Source records:
* * * * * * *

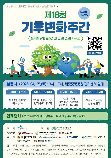 인사이드피플 강애자 기자 | 세종특별자치시가 20일부터 25일까지 6일간 중앙공원 일대에서 ‘제18회 기후변화주간’ 행사를 개최한다.
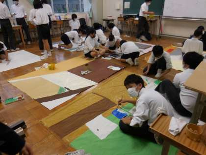 10月25日(月)3年生は劇、背景画や小道具を一所懸命作っています。役者のみなさんは多目的室で練習です。
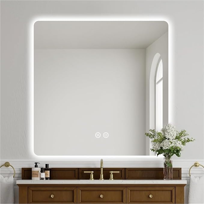 - 【Anti-Fog Feature】: The led mirror for bathroom has an anti-fog function using UL-certified anti-fog film. You won’t need to wipe the mirror, just turn on the anti-fog switch before a shower. To avoid forgetting to turn off the anti-fog feature, it automatically shuts off after one hour, making it more energy-efficient and safe.
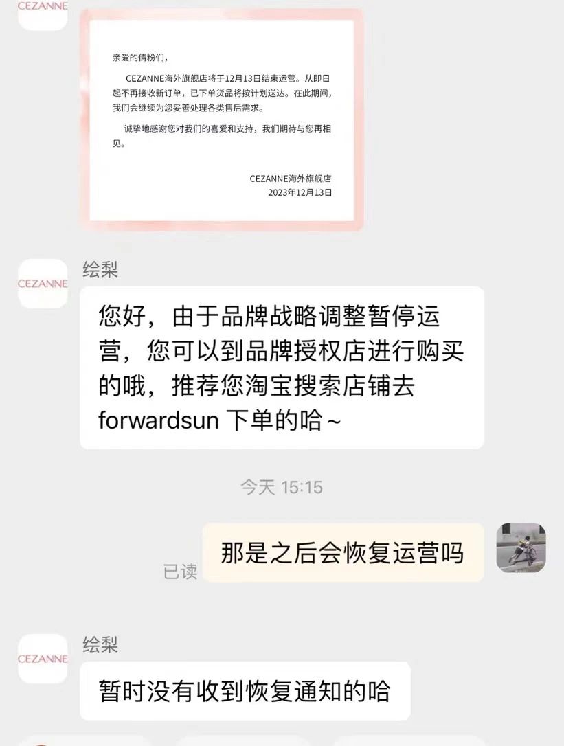 CEZANNE方客服则向化妆品报表示,本次闭店是品牌战略调整暂停运营,目前没有收到恢复运营的通知。该客服还称,如消费者需购买产品可到品牌授权店ForwardSun进行购买。
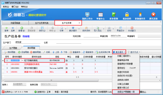 在功能導(dǎo)航欄點(diǎn)擊生產(chǎn)管理--生產(chǎn)任務(wù)單,在生產(chǎn)任務(wù)單界面選擇用料明細(xì),點(diǎn)擊更多操作下-----選擇生產(chǎn)明細(xì)唯一碼,每一條用料明細(xì)都需要對應(yīng)生產(chǎn)明細(xì)唯一碼,然后保存任務(wù)單,如圖所示:
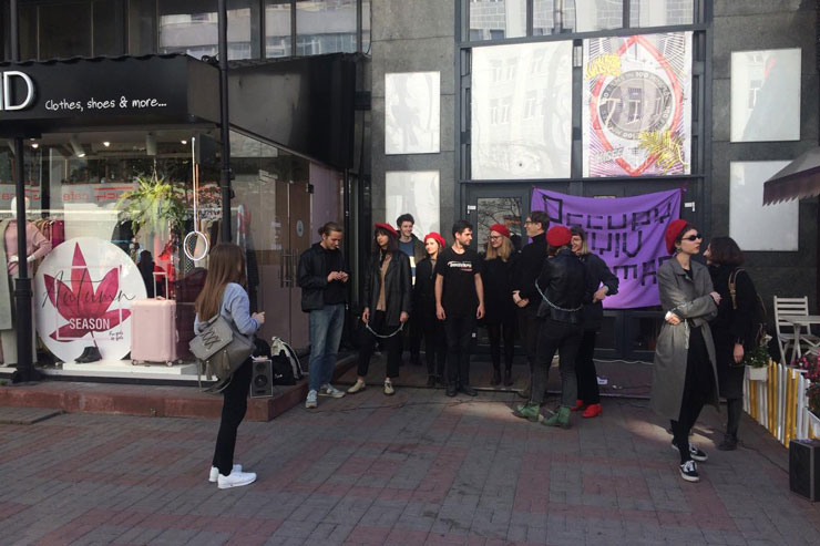 «Цей художній протест — наша спонтанна реакція, — розповідає “Хмарочосу” учасниця акції Анастасія Теор. — Люди в кашкетах і з ланцюгами відтворюють кадр зі стрічки «Мрійники» режисера Бернардо Бертолуччі. У ньому головна героїня прив’язує себе ланцюгом до кінотеатру, протестуючи проти закриття “Сінематики” в Парижі. Так ми хочемо привернути увагу киян до того, що відбувається з нашим містом: люди з великими грошима роблять з ним, що їм заманеться, повністю ігноруючи інших його мешканців».
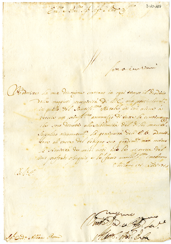 Lettera di Alessandro Maria Erba al cardinale Annibale Albani (1715 dicembre 18)
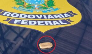 Diante das inconsistências, os policiais realizaram inspeção nas bagagens e pertences pessoais, momento em que localizaram uma barra de ouro dentro da carteira do passageiro.
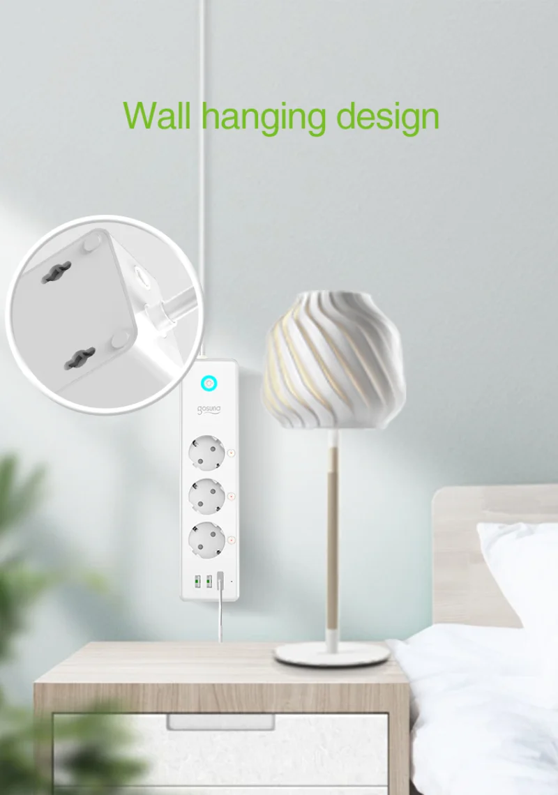 【APP remote control】 Gosund/Tuya / Smart life APP можно использовать для удаленного управления блоком питания вкл и ВЫКЛ. Вы можете видеть и контролировать открытое или закрытое состояние полосы питания из приложения, когда вы находитесь вдали.

* * * * * * *

§ WHAT THE TASK REQUIRES
Could every record be given again exactly, with its pictures left out?

§ TASK ANSWER
 인사이드피플 강애자 기자 | 세종특별자치시가 20일부터 25일까지 6일간 중앙공원 일대에서 ‘제18회 기후변화주간’ 행사를 개최한다.
 10月25日(月)3年生は劇、背景画や小道具を一所懸命作っています。役者のみなさんは多目的室で練習です。
 - 【Anti-Fog Feature】: The led mirror for bathroom has an anti-fog function using UL-certified anti-fog film. You won’t need to wipe the mirror, just turn on the anti-fog switch before a shower. To avoid forgetting to turn off the anti-fog feature, it automatically shuts off after one hour, making it more energy-efficient and safe.
 CEZANNE方客服则向化妆品报表示,本次闭店是品牌战略调整暂停运营,目前没有收到恢复运营的通知。该客服还称,如消费者需购买产品可到品牌授权店ForwardSun进行购买。
 在功能導(dǎo)航欄點(diǎn)擊生產(chǎn)管理--生產(chǎn)任務(wù)單,在生產(chǎn)任務(wù)單界面選擇用料明細(xì),點(diǎn)擊更多操作下-----選擇生產(chǎn)明細(xì)唯一碼,每一條用料明細(xì)都需要對應(yīng)生產(chǎn)明細(xì)唯一碼,然后保存任務(wù)單,如圖所示:
 «Цей художній протест — наша спонтанна реакція, — розповідає “Хмарочосу” учасниця акції Анастасія Теор. — Люди в кашкетах і з ланцюгами відтворюють кадр зі стрічки «Мрійники» режисера Бернардо Бертолуччі. У ньому головна героїня прив’язує себе ланцюгом до кінотеатру, протестуючи проти закриття “Сінематики” в Парижі. Так ми хочемо привернути увагу киян до того, що відбувається з нашим містом: люди з великими грошима роблять з ним, що їм заманеться, повністю ігноруючи інших його мешканців».
 Lettera di Alessandro Maria Erba al cardinale Annibale Albani (1715 dicembre 18)
 Diante das inconsistências, os policiais realizaram inspeção nas bagagens e pertences pessoais, momento em que localizaram uma barra de ouro dentro da carteira do passageiro.
 【APP remote control】 Gosund/Tuya / Smart life APP можно использовать для удаленного управления блоком питания вкл и ВЫКЛ. Вы можете видеть и контролировать открытое или закрытое состояние полосы питания из приложения, когда вы находитесь вдали.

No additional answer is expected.